Competition: US & Canada
University of Wisconsin, Madison
Margaret McFall-Ngai is a professor in the Department of Medical Microbiology and Immunology at the University of Wisconsin-Madison. She is one of the leaders in the frontier field of the role of beneficial bacteria in health and disease. She received her Ph.D. degree from the University of California, Los Angeles, in 1983. During her doctoral work, she was a field biologist, with a study site in the central Philippine Islands. Her work centered upon how animals use the light produced by luminous bacteria in their behaviors. In recognition of her contributions during her graduate career, she was named Graduate Woman of the Year at UCLA in 1983. Her postdoctoral work at Jules Stein Eye Institute (UCLA Medical Center) and Scripps Institution of Oceanography (UC San Diego) focused on protein biochemistry and biophysics. To pursue these studies, she was awarded a University of California President’s Fellowship, and a National Research Service Award from the National Institutes of Health.
Combining the training from these experiences, she accepted a faculty position in Biological Sciences at the University of Southern California (USC), where she began studies on the role of beneficial bacteria in the promotion of health in animals. At that time, biologists were already realizing that such symbioses were likely to occur in all animals, including humans, but that these associations most often occur as highly complex, multispecies consortia of bacteria living with the animal host. Margaret McFall-Ngai, in collaboration with microbiologists and biochemists, and with support from the National Institutes of Health, National Science Foundation, and Office of Naval Research, developed the use of a simple animal model system, the squid-vibrio association, for the study of the establishment and maintenance of an animal-bacterial symbiosis. For these research efforts, as well as for excellence in teaching, she was given the Albert S. Raubenheimer Award for Outstanding Junior Faculty at USC in 1994.
After receiving tenure at USC, she was recruited to the Kewalo Marine Laboratory at the University of Hawaii (UH) in 1996, where she joined a group of internationally recognized cell and developmental biologists who use model invertebrates to address basic biological and biomedical questions. While at UH, she received a grant from the WM Keck Foundation to develop genomic tools for the study of her model symbiosis, and from the Rockefeller Foundation to organize an international meeting on symbiosis at the Rockefeller Conference Center in Bellagio, Italy. In recognition of her contributions to the field of microbiology, she was elected to the American Academy of Microbiology in 2002. In the same year, she received the Regents’ Medal for Excellence in Research in recognition of her scholarship at UH, and was the recipient of the Miescher-Ishida Prize from the International Society for Endocytobiology. She was also involved in several leadership positions while in Hawaii, including serving as the Chair of the Rhodes Scholar Committee for the State of Hawaii.

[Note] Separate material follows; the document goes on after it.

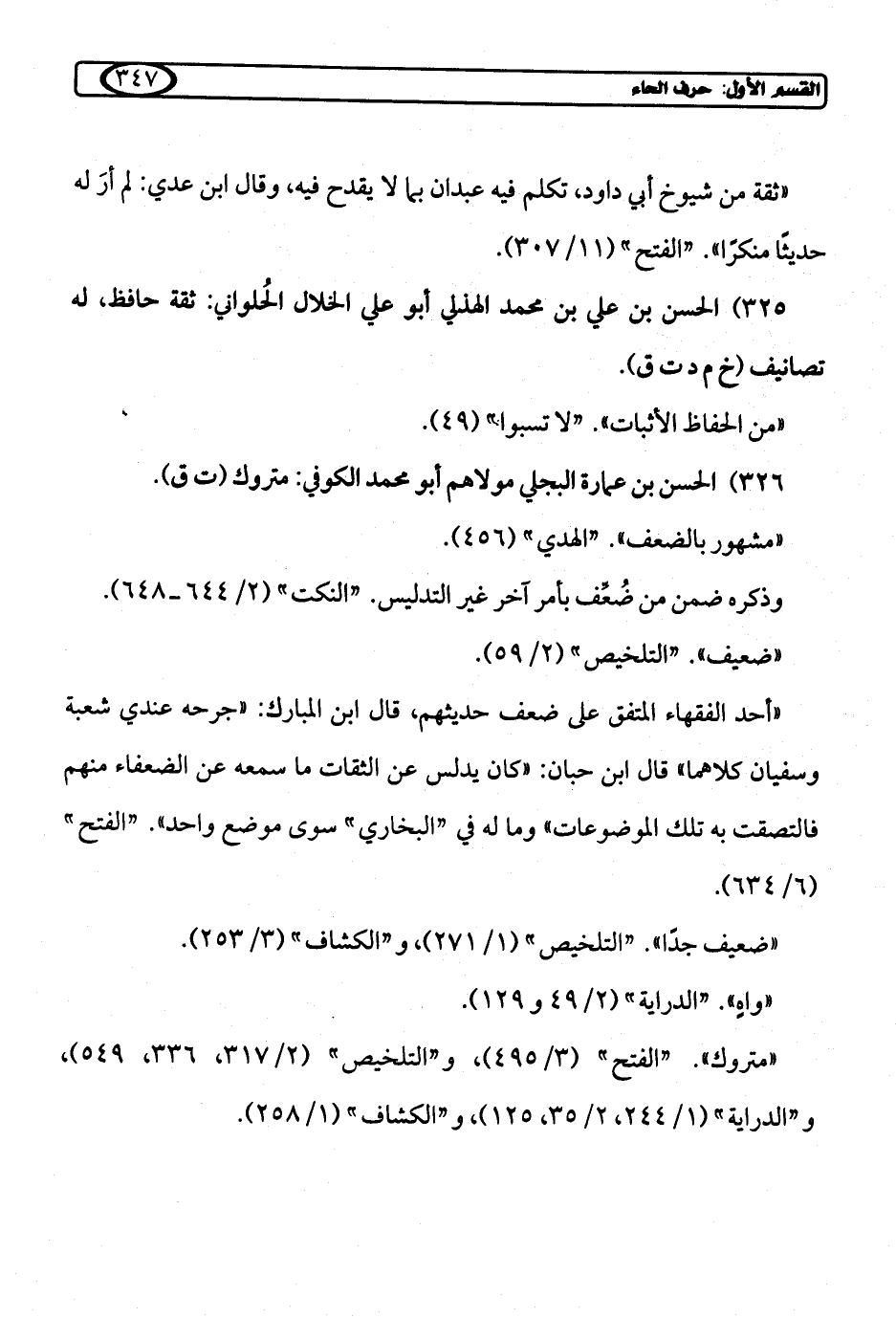 325) الحسن بن علي بن محمد الهذلي أبو علي الخلال الحُلواني: ثقة حافظ، له تصانيف (خ م د ت ق).

In 2004, in response to a cluster-hire initiative in the field of symbiosis, Dr. McFall-Ngai accepted a position at the University of Wisconsin, Madison, in the Department of Medical Microbiology and Immunology. At UW Madison, she continues to develop the squid-vibrio model and to promote the study of beneficial animal-bacterial interactions. In addition to focusing on the work of her laboratory, she has been active in integrating this field into other areas of biology, particularly as it influences the discipline of immunology. She is currently serving as the Chair-Elect of the national meeting of the American Society for Microbiology. In addition, she is a member of the Board of Life Sciences of the National Academy of Science, addressing “A new biology for the 21st century: Ensuring the US leads the coming biology revolution.” As part of a committee of eighteen biologists from across the country she is charged with helping the government identify the key areas of biological research that should be developed in the near future.
During her Guggenheim term, Margaret McFall-Ngai will be studying the role of symbiosis in shaping evolutionary selection, specifically on the form and function of the animal immune system. The traditional view of the immunity is that its principal function is to fight microbial infection. Recognition that, to maintain a healthy state, animals require persistence associations with hundreds of species of beneficial bacteria demands that we rethink this view. To effectively incorporate the essential role of microbial symbioses into our conceptual understanding of the animal immune system, she will visit the world’s major centers of microbiology and immunology research to gain a full view of where biologists now stand on these concepts, and where they will need to go to open new horizons.